That was a key conclusion of a new Mercer analysis of January to December 2008 data for the 1.2 million 401(k) participants in the plans it administers for clients.
Mercer pointed to two potentially dangerous trends in its analysis:
- a 59% increase in November and December for those asking for plan withdrawals; and
- since July, there has been a steady increase in the number of participants who have reduced their contribution rate to zero, and overall Mercer has seen more participants decrease rather than increase their contribution rates throughout 2008, a trend rarely seen in more stable economic times.
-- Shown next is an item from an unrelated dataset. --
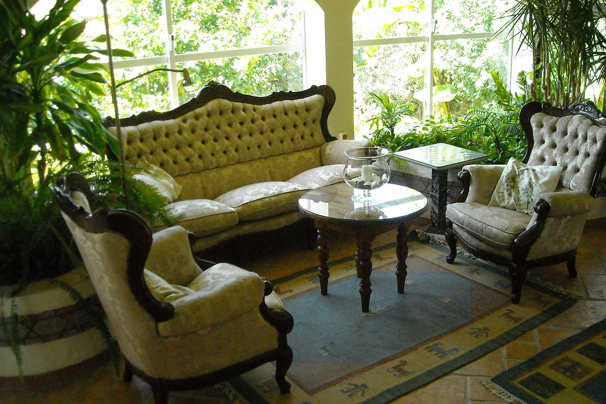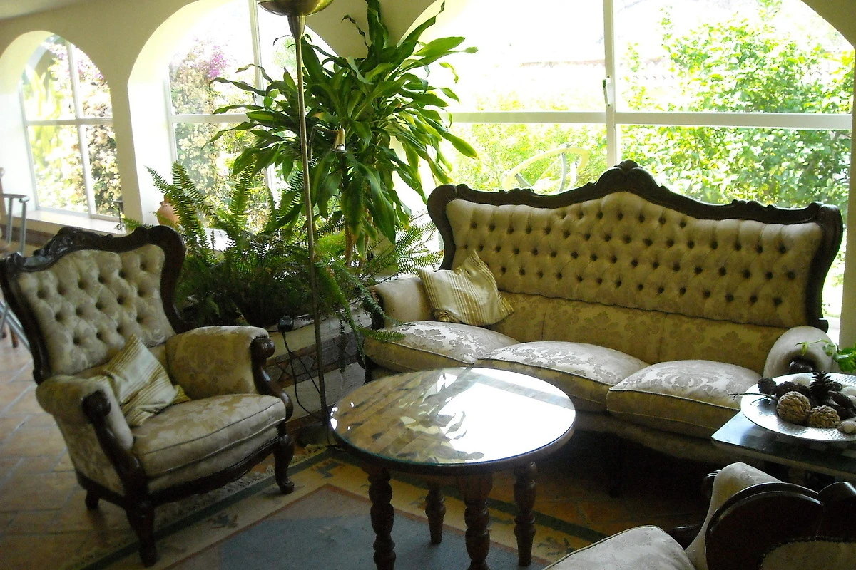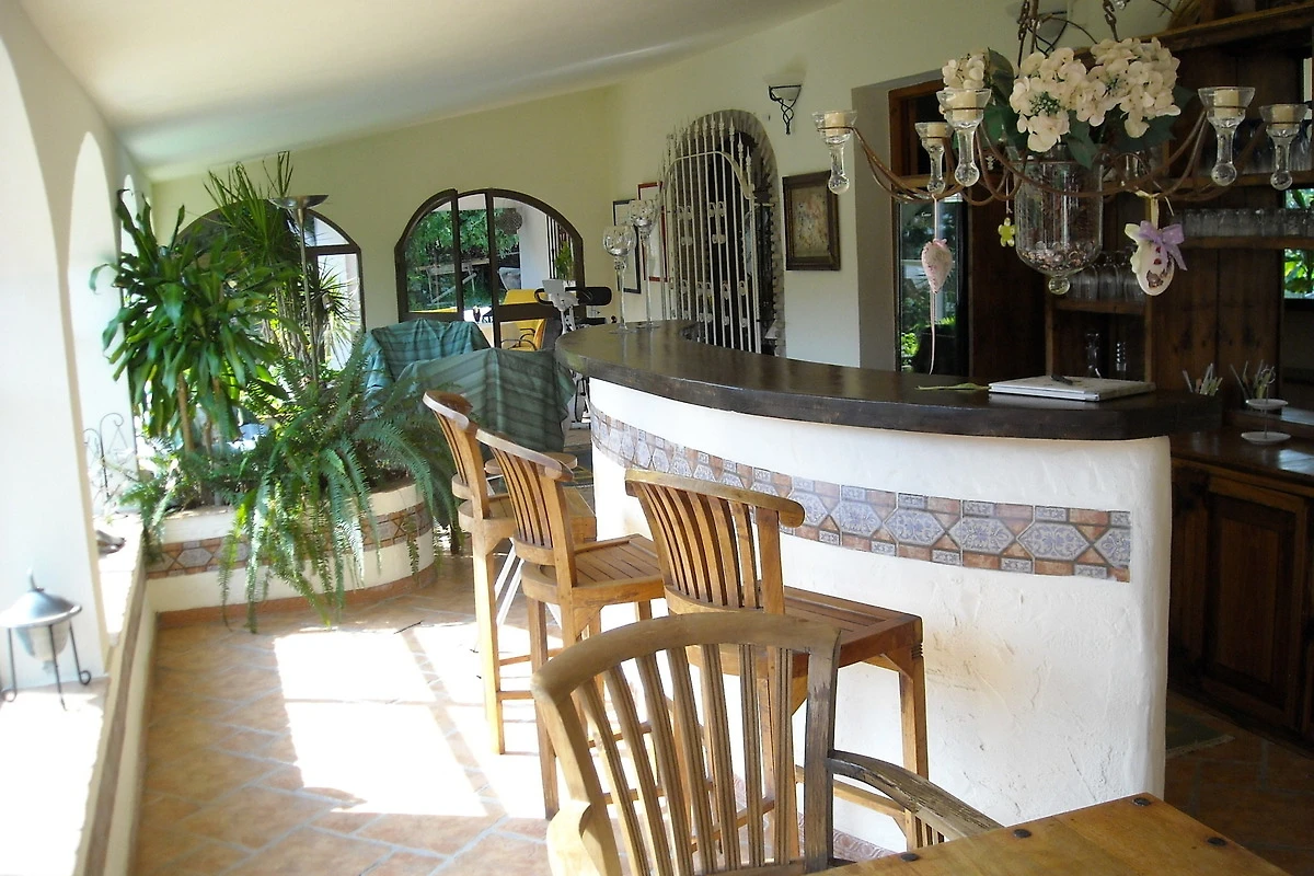 Die Finca hat ca. 150 m² und liegt auf einer Ebene mit jeweils einer Stufe zum Wintergarten und von der Küche zur Terrasse mit Pool, einen Wintergarten mit Bar, Sitzecke und Essbereich, mit direkter Verbindung zum Wohnzimmer und der Küche.

Mercer said participants have also shifted assets dramatically from equity markets into capital preservation funds.In fact, Mercer said that compared to the same time frame last year, balances and plan contributions in stable value and money market funds have grown 70% from 2007, while equity funds have decreased correspondingly.
Other findings from Mercer’s analysis include:
- Mercer’s call center activity in September and October saw increases between 10% and 20%, but those are the only two months showing an increase since May 2008.
- Mercer’s participant-related Web site traffic has remained fairly flat throughout 2008 with a spike occurring in October when the stock market had its most dramatic decrease.
- Some 28% of 401(k) retirement plan participants have seen a 30% or more decrease in their account balances in 2008 through December.